Here is one opinion on it, submitted by guest blogger, David McIntyre. 
What do YOU think? All comments welcome.)

Embracing the South Saskatchewan Regional Plan

When the Government of Alberta put its stamp of approval on the South Saskatchewan Regional Plan, it embraced a classic brand of made-in-Alberta management. 

The defining strategy: Utilize the abuses and failures of the past to frame and fabricate the envisioned future. 

Within this down-is-up—backward-is-forward—portrait …


Chaos Calls the Shots
Decades of rampant headwaters degradation, while deeply disturbing to almost everyone, isn't worth addressing. It's simply collateral damage, and the public's negative response to this damage is nothing more than a chronic reflection of society's ongoing frustration with the lack of meaningful management of Alberta's public lands.
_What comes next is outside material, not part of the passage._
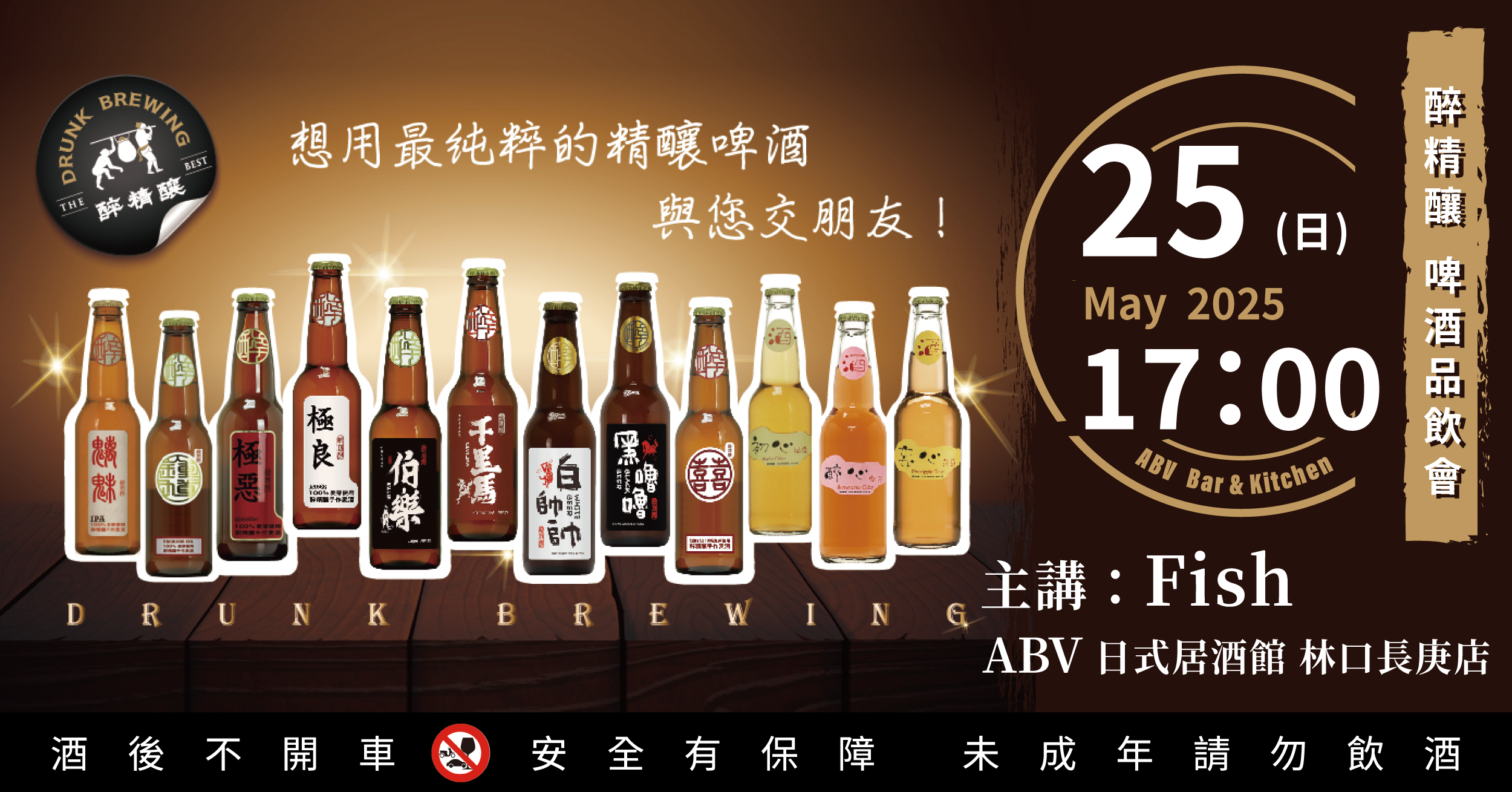 本次品飲會將帶領各位品嘗台灣在地品牌「醉,精釀」各式啤酒,一同感受精釀啤酒帶來的味蕾浪潮吧 !

And that's okay. It's time to move on.

Here in the Headwaters Wilderness, land managers don't have the time, resources or political support to sweat over—degradation-as-usual—small stuff. They don't have the luxury to worry about water quality, heritage landscape preservation, natural beauty, ecological integrity, endangered species, or the litany of abuses that occur. They can't afford to lose sleep over landscape destruction, or bother to manage the off-the-chart strife created by an army of conflicting user groups. There are more important things to do.
Alberta is open for business … any business, any time, anywhere. And no business needs to be in the best interest of the public. No business needs to be evaluated based on its true cost to society. 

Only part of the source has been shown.